Jobs report: why the recovery has stalled
Friday's jobs report shows that the government is heading in exactly the wrong direction by raising taxes on the middle class and cutting spending, Reich writes.
We are in the most anemic recovery in modern history, yet our political leaders in Washington aren’t doing squat about it.
In fact, apart from the Fed – which continues to hold interest rates down in the quixotic hope that banks will begin lending again to average people – the government is heading in exactly the wrong direction: raising taxes on the middle class, and cutting spending.
The Bureau of Labor Statistics reported Friday that American employers added only 157,000 jobs in January. That’s fewer than they added in December (196,000 jobs, as revised by the Bureau of Labor Statistics). The overall unemployment rate remains stuck at 7.9 percent, just about where it’s been since September.
The share of people of working age either who are working or looking for jobs also remains dismal – close to a 30-year low. (Yes, older boomers are retiring, but the major cause for this near-record low is simply the lack of jobs.)
And the long-term unemployed, about 40 percent of all jobless workers, remain trapped. Most have few if any job prospects, and their unemployment benefits have run out, or will run out shortly.
Close to 20 million Americans remain unemployed or underemployed.
It would be one thing if we didn’t know what to do about all this. But we do know. It’s not rocket science.
The only reason for employers to hire more workers is if they have more customers. But American employers have not had enough customers to justify much new hiring.
There are essentially two sources of customers: individual consumers, and the government. (Forget exports for now; Europe is contracting, Japan is a basket case, China is slowing, and the rest of the world is in economic limbo.)
American consumers – whose purchases constitute about 70 percent of all economic activity – still can’t buy much, and their purchasing power is declining. The median wage continues to drop, adjusted for inflation. Most can’t borrow because they don’t have a credit record sufficient to allow them to borrow much.
And now their Social Security taxes have increased, leaving the typical worker with about $1,000 less this year than last.
The Conference Board reported last Tuesday consumer confidence in January fell its lowest level in more than a year. The last time consumers were this glum was October 2011, when there was widespread talk of a double-dip recession.
The only people doing well are at the top – but they save a large part of what they earn instead of spending it.
Overall personal income soared by 8 percent in the final three months of 2012 compared to an increase of just over 2 percent in the third quarter, but this income didn’t go into the pockets of the middle class.

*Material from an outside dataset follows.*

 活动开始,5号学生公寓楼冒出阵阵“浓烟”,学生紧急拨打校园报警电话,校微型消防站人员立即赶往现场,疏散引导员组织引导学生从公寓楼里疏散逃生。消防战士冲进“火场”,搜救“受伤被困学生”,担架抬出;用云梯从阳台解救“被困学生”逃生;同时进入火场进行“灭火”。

It went into the pockets of people at the top.
Wages and salaries grew a measly six-tenths of one percent.
Most of the rise in personal income in the last quarter was from companies rushing to pay dividends before taxes were hiked in 2013, and from an upturn in personal interest income. Both these sources of income went mostly to the well-to-do.

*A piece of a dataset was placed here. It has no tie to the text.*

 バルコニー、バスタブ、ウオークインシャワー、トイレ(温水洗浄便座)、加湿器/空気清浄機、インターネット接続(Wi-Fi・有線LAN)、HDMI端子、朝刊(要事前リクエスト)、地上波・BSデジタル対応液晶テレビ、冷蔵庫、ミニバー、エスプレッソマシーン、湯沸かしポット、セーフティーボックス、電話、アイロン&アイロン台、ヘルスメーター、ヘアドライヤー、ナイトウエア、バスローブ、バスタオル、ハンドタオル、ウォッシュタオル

This explains why consumer spending is dropping. The Commerce Department said Thursday consumers’ spending rose 0.2 percent last month. That’s slower than the 0.4 percent increase in November.

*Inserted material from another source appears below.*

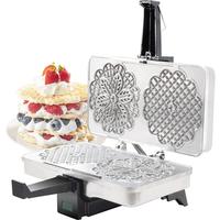 Pizzelles are sweet Italian cookies, traditionally flavored with anise, that are baked into an ornate pattern. The Cucina Pro pizzelle baker turns out two 5" pizzelles at a time in two different patterns. It features a traditional, highly-polished interior and extra-thick baking plates that give you consistent results and easy release. Complete instructions and recipes are included.

So if we can’t rely on consumers to stoke the economy, what about government? No chance. Government spending is dropping, too.
The major reason the economy contracted between the start of October and end of December 2012 was a major reduction in government spending in the fourth quarter.
Government spending has declined in nine of the last ten quarters, but it took a precipitous drop in the last quarter. This was mainly because military spending fell 22.2 percent. That’s the largest fall-off since 1972 (mainly due to reduced spending on the war in Afghanistan, and worries by military contractors about further pending cuts). State and local spending also continued to fall.
Personally, I’m glad we’re spending less on the military. It’s the most bloated part of the government. Major cuts are long overdue. But the military is America’s only major jobs program. Cutting the military without increasing spending on roads, bridges, schools, and everything else we need to do simply means fewer jobs.
What’s ahead? More of the same. So what possible reason do we have to suspect the recovery will pick up speed? None.
Don’t count on consumer spending. Wages and benefits continue to drop for most people, adjusted for inflation. States are hiking sales taxes, which will hit the middle class and the poor hardest. Deficit hawks in Washington are contemplating additional tax hikes on the middle class.
Housing prices are stabilizing, thankfully. But one out of five homeowners is still underwater, and the ranks of people renting rather than owning are rising. Health-care costs are also rising for most people in the form of higher co-payments, deductibles, and premiums.
Don’t count on government, either. Government spending continues to head downward. The White House has already agreed to major spending cuts, some to go into effect this year. Coming showdowns over the next fiscal cliff, appropriations to fund government operations, and the debt ceiling will likely result in more cuts.
More jobs and faster growth should be the most important objectives now. With them, everything else will be easier to achieve – protection against climate change, immigration reform, long-term budget reform. Without them, everything will be harder.
Yet we’re moving in the opposite direction — following Europe’s sorry example of failed austerity economics.